Через месяц Кобден (на этот раз вместе с женой) отправился в еще небывалую поездку и оставался за границей до октября следующего года. Он посетил Францию, Испанию, Италию, Германию и Россию, останавливался в Париже, Мадриде, Вене, Риме, Берлине, Санкт-Петербурге, а также в менее значительных столицах и городах. Он получил аудиенции у властных особ – у Луи-Филиппа французского, у королей Сардинии и Обеих Сицилий, у Фридриха Вильгельма Прусского и Папы Римского (прием у русского царя <Николая I>, о котором была достигнута предварительная договоренность, по всей видимости, не состоялся). Кроме того, Кобден встретился со многими министрами и видными политическими деятелями, дипломатами и публицистами (среди французов, например, с Гизо, Тьером, Токвилем, Бастиа, Леоном Фоше и Александром Дюма), с ведущими финансистами, промышленниками и торговцами. Его известность опережала его появление, и всюду он встречал прием, подобающий великому представителю английского народа. Кобдена приглашали на банкеты, исполняли в его честь песни, произносили речи, развлекали, интервьюировали, награждали медалями и превозносили в стихах до такой степени, что человек менее трезвого ума потерял бы голову. В одной только Италии он выдержал больше дюжины официальных банкетов и «несчетное число частных приемов».

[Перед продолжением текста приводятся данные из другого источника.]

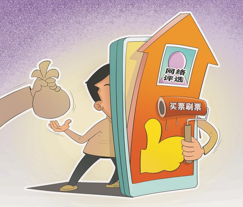 近日,網(wǎng)絡(luò)評(píng)選買(mǎi)票刷票亂象引發(fā)關(guān)注。學(xué)校、公司等各方面發(fā)起的網(wǎng)絡(luò)評(píng)選,本意是將“民意”納入評(píng)價(jià)標(biāo)準(zhǔn),卻催生出拉票大戰(zhàn)、刷票亂象,成為數(shù)字造假游戲。這不僅失去了評(píng)選本身的意義,更給參與者帶來(lái)心理負(fù)擔(dān)、經(jīng)濟(jì)壓力以及信息泄露風(fēng)險(xiǎn)。讓評(píng)選回歸專業(yè)與誠(chéng)信,主辦方須摒棄“唯票數(shù)”的懶惰規(guī)則,引入專業(yè)評(píng)審、區(qū)塊鏈存證等技術(shù),并建立黑名單,一次刷票終身禁賽;監(jiān)管部門(mén)應(yīng)提高違法成本,形成震懾;用戶也要摒棄“人情票”“紅包票”,敢于對(duì)拉票鏈接說(shuō)不。(朝陽(yáng)/文 王琪/圖)
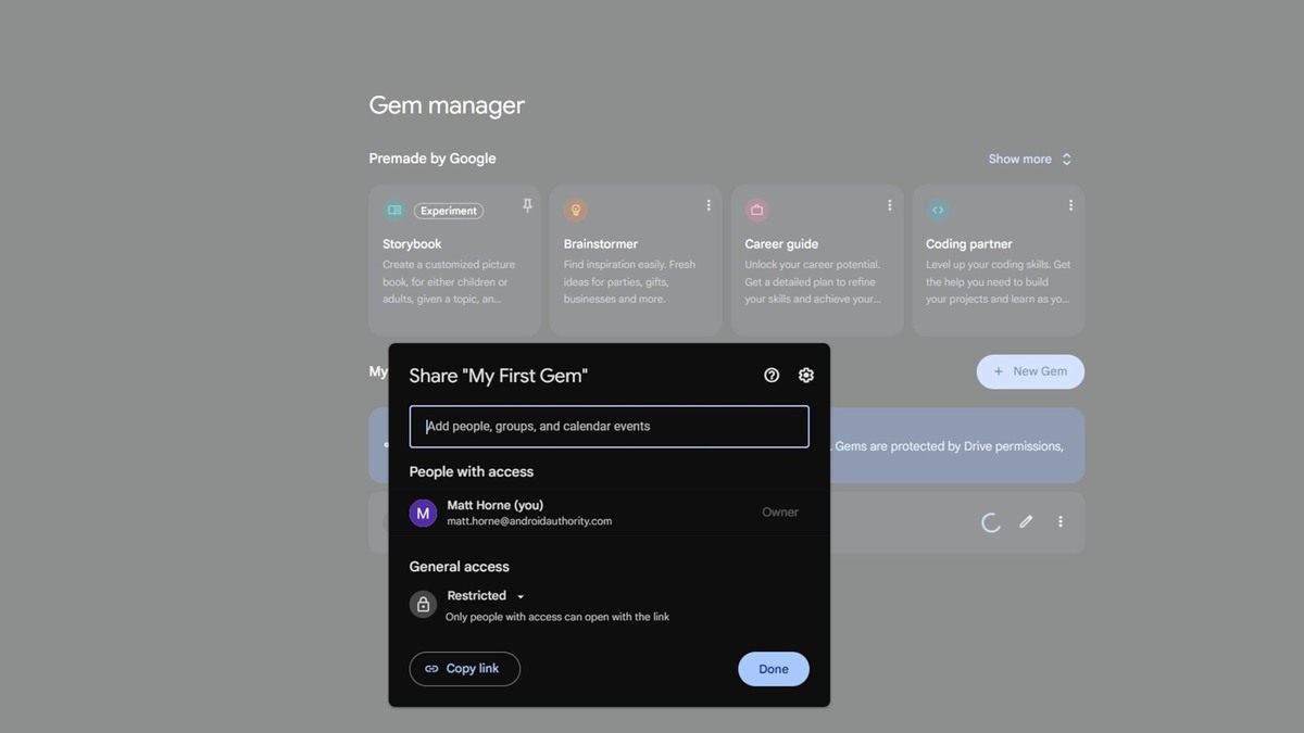 Недавно Google внесла изменения в политику конфиденциальности при генерации персональных пользовательских пространств в нейросети Gemini — Gem. Теперь Gem можно использовать совместно и делиться, как файлами в Google Документах. что недоступно в проектах ChatGPT. Google анонсировала эту функцию в своём блоге на прошлой неделе, и обновление уже доступно. Ранее Gem были доступны только создателю, независимо от целей использования. Как отмечает портал Android Authority, это нововведение вписывается в более широкую экосистему Google. Оно похоже на функцию совместного доступа к документам или таблицам Google. Чтобы поделиться Gem, в интерфейсе Google, в Gem Manager, появится кнопка «Поделиться». Следует нажать на эту кнопку, ввести имена или группы людей, с которыми пользователь намерен поделиться пространством, и определить уровень доступа — просмотр или редактирование. Также можно создать ссылку для совместного использования. Сообщается, что эта функция проста и даёт преимущество, которое
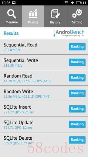 在AndroBench存储测试中,魅族15顺序读取速度可达285.8MB/s,顺序写入速度可达213.38MB/s,与同价位众多热门手机持平。
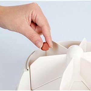 The segments release the treats in adjustable 30 or 60 minute intervals when the beep sounds.

Как и прежде, Кобден использовал путешествие для серьезных исследований и разысканий; домой он вернулся с обширным багажом познаний и плотно заполненными записными книжками. Записи свидетельствуют, что он собирал информацию по поразительно обширному кругу вопросов. Во Франции его внимание привлекли железная монополия, таможенные пошлины и лесное хозяйство; в Италии – сельские рабочие, культура виноградников, монополии на соль, порох и табак, изготовление так называемых «ливорнских» соломенных шляп; в Испании – коррупция среди чиновников; в Австрии – металлургическое и текстильное производство и абсолютистская форма правления; в Германии – земельная собственность, сельская жизнь, металлургическая и текстильная промышленность, выращивание пшеницы, таможенный союз и, естественно, система образования; в России – природные ресурсы, обширность лесов, развивающиеся промышленность и торговля, крепостная зависимость, отсталость методов и орудий сельского хозяйства и тяжелые политические проблемы, которые стояли перед аристократией, мирившейся с неграмотностью населения и коррупцией среди бюрократии.

Из людей, с которыми встречался Кобден, мало кто удостоился высокой оценки в его глазах. Во Франции ни король, ни министры не произвели на него благоприятного впечатления. Кобден рассказывает о длительной вечерней беседе с Луи-Филиппом в замке д’О и отмечает: «Ничто так не поразило меня, как его презрение к людям, через которых и для которых он, по его словам, правит страной». Он «производит впечатление умелого актера, и это, пожалуй, все, что мы можем сказать о самых способных правителей этой и любой другой страны». Гизо, по мнению Кобдена, – «интеллектуальный педант и ханжа, который знает людей и вещи не лучше профессора, живущего в кругу своих учеников». Тьер – «маленький живой человечек, лишенный всякой внушительности; трудно представить, что в прошлом он был у власти».